Instructions for the task: Exactly the lines from the one containing "避難所生活に欠かせないパーテーションやベッドを段ボールで作成" through the one containing "Рыбачили две недели" in the listing below are to be copied, with the pictures left out.

### Records supplied ###

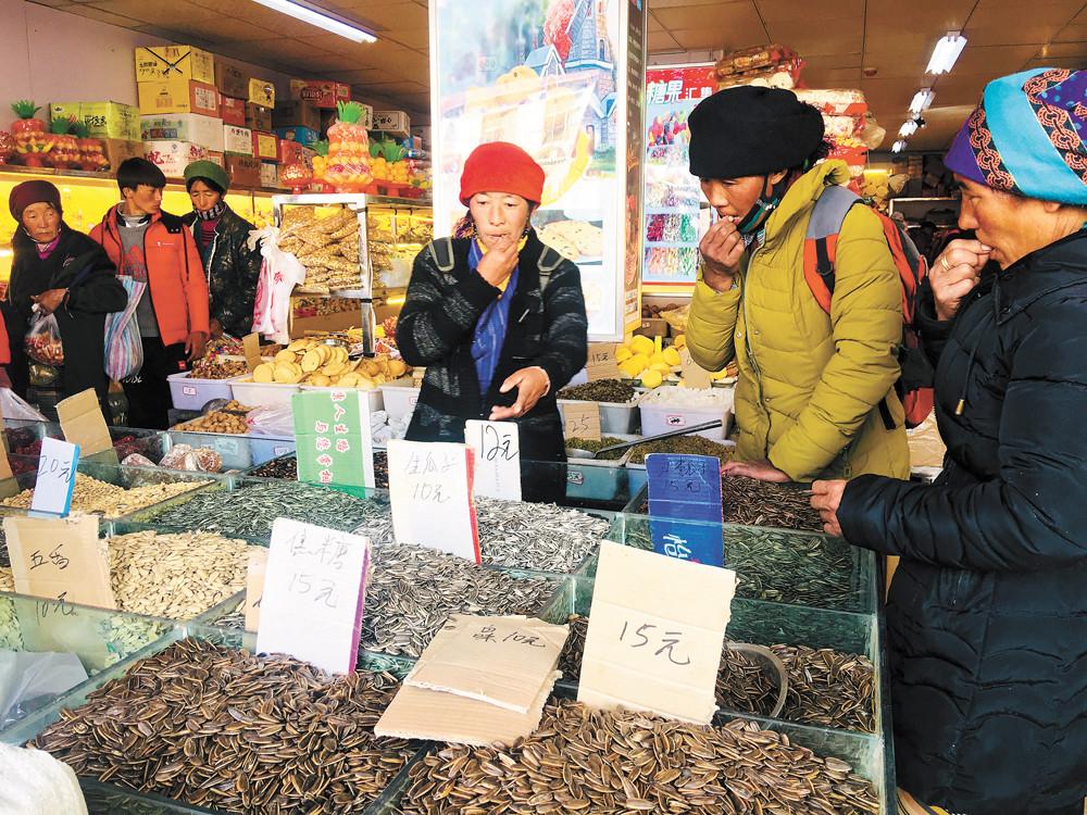 今年的藏历土狗新年和农历春节恰巧在同一天,因此拉萨的年味似乎更浓——大街小巷中人头攒动、熙熙攘攘,挑着各色年货游走叫卖的商贩穿梭其间,好不热闹。(格桑伦珠 刘枫 次珍 杨子彦 实习生 斯曲 摄)
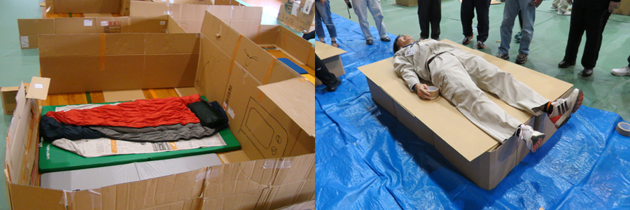 避難所生活に欠かせないパーテーションやベッドを段ボールで作成
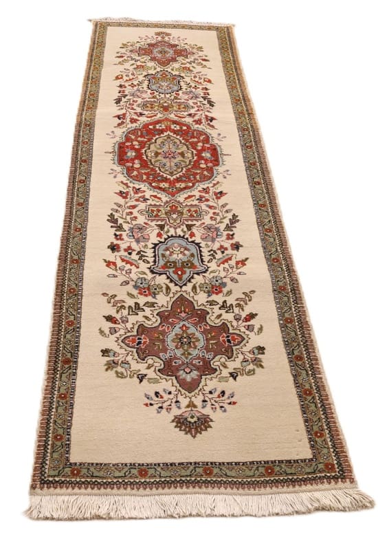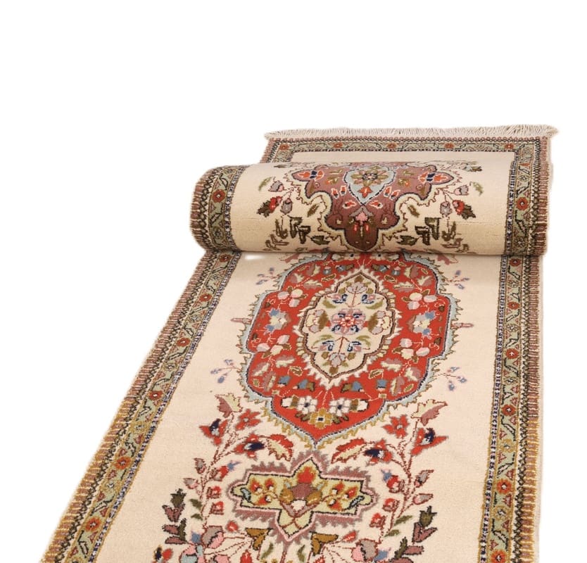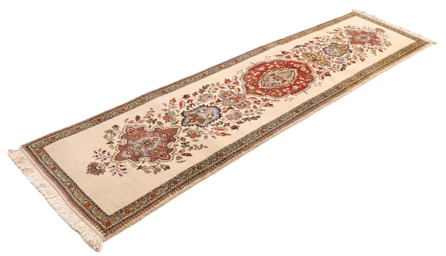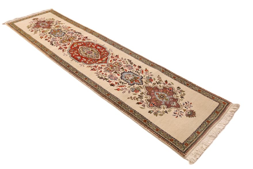 Handgeknüpfter Tabriz Tabatabai Teppich | Größe: 316×84 cm | Knotendichte: 128.000 – 160.000 Knoten/m² | Material: Hochwertige Wolle | Zustand: Neuzeitlich (0-20 Jahre) | Ursprung: Iran/Persien | Farbe: Weiß/Beige | Form: Läufer | Dicke: ca. 8 mm | Gewicht: ca. 9 kg
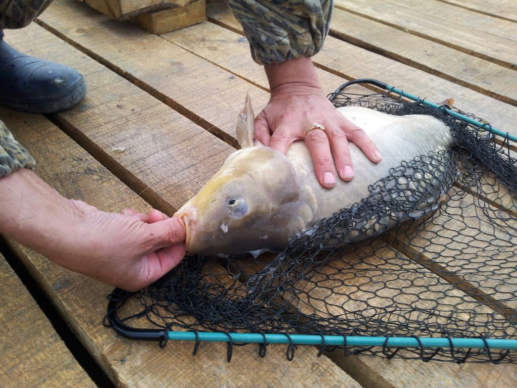 Рыбачили две недели назад, после дождей. Вода мутная, форель не поймали, зато карпиков натаскались вдоволь. Взяли трофейного на 5 кг (на удочку). Забрали несколько на пожарить, остальных выпустили.
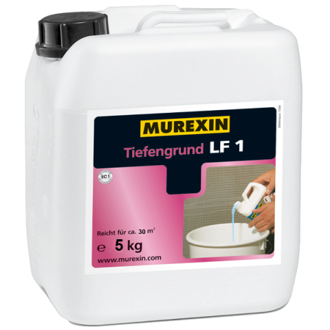 Murexin LF 1 mélyalapozó - 5 kg - kék - vizes bázisú műgyanta-diszperzió - nedvességzáró és nedvszívás-kiegyenlítő, de nem párazáró bevonat - nedvszívó alapfelületek (mészcement- és cementvakolatok, beton, égetett agyag stb.) előkezelésére - cement, cementdiszperzió, diszperziós kiegyenlítő masszák, csemperagasztók, kenhető vízszigetelések felhordása előtti alapozásra - pormegkötésre - tapadás javítására - felhasználásra kész - anyagszük
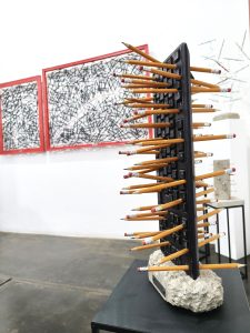 In this exhibition, Matthieu Kowad presents a collection of sculptures and sculptural paintings in which the pencil takes center stage. A simple yet essential everyday object, the pencil is the starting point of all creation: with it, ideas become visible and thoughts take shape.
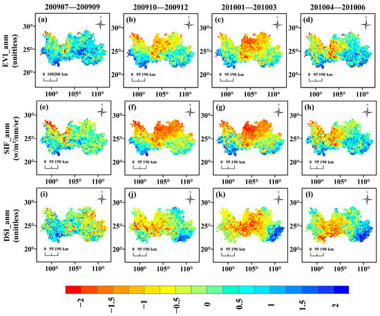 The spatial distributions of the anomalies of (a–d) EVI, (e–h) SIF, and (i–l) DSI over three provinces in July–September (first column), October–December (second column), January–March (third column), and April–June (fourth column) in 2009–2010.
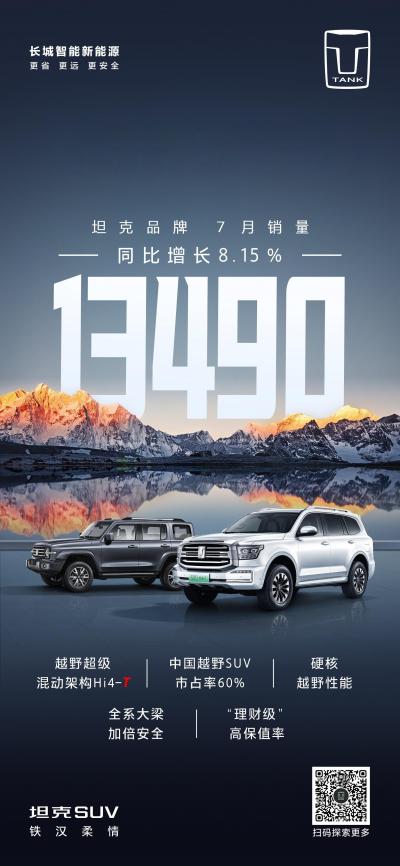 8月4日,长城汽车发布7月产销数据,销售新车109,091辆。其中,高端豪华越野SUV坦克销售13,490辆,同比增长8.15%,延续强劲热销态势,再创年度销量新高。截至7月末,坦克品牌累计销量突破280,286辆,连续31个月蝉联中国硬派越野SUV销量冠军。
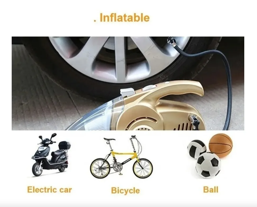 Una herramienta compacta y poderosa que combina aspiradora + bomba de aire (compresor) + soplador + luz, diseñada para cubrir múltiples necesidades del día a día, desde limpiar a fondo el interior del vehículo hasta inflar llantas, balones o inflables en cualquier lugar.
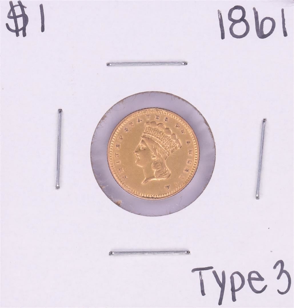 One 1861 Type 3 $1 Liberty Head Gold Coin.
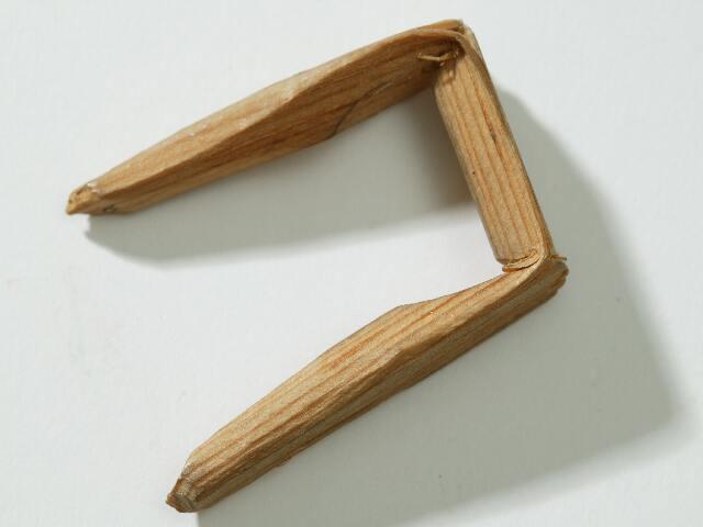 Pinsetit on valmistettu puusta. Puutikussa kaksi lovea, joiden kohdalta tikun päät on taivutettu vastakkain. Pinseteillä on tempaistu irti silmäluomen sisäpuolelle kasvanut karva.
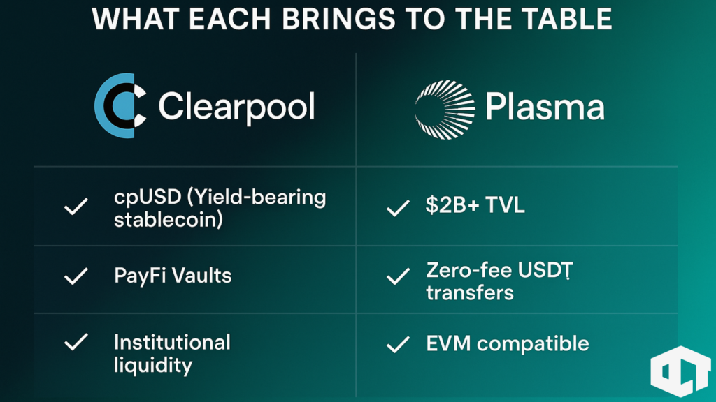 25th September 2025 â Clearpool has officially partnered with Plasma, a purpose-built blockchain designed for stablecoin payments. As part of the deal, Clearpool will bring its flagship yield-bearing stablecoin, cpUSD, to Plasmaâs mainnet. It will also introduce PayFi Vaults, offering institutional investors access to stablecoin credit opportunities.
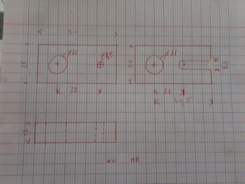 si ça intéresse quelqu'un voici le plan des pattes que j'ai fabriqué pour attacher le démarreur directement sur le moteur pour pouvoir le démarrer en dehors de la voiture après une réfection ou autre.

###

Exercise output:
 避難所生活に欠かせないパーテーションやベッドを段ボールで作成
 Handgeknüpfter Tabriz Tabatabai Teppich | Größe: 316×84 cm | Knotendichte: 128.000 – 160.000 Knoten/m² | Material: Hochwertige Wolle | Zustand: Neuzeitlich (0-20 Jahre) | Ursprung: Iran/Persien | Farbe: Weiß/Beige | Form: Läufer | Dicke: ca. 8 mm | Gewicht: ca. 9 kg
 Рыбачили две недели назад, после дождей. Вода мутная, форель не поймали, зато карпиков натаскались вдоволь. Взяли трофейного на 5 кг (на удочку). Забрали несколько на пожарить, остальных выпустили.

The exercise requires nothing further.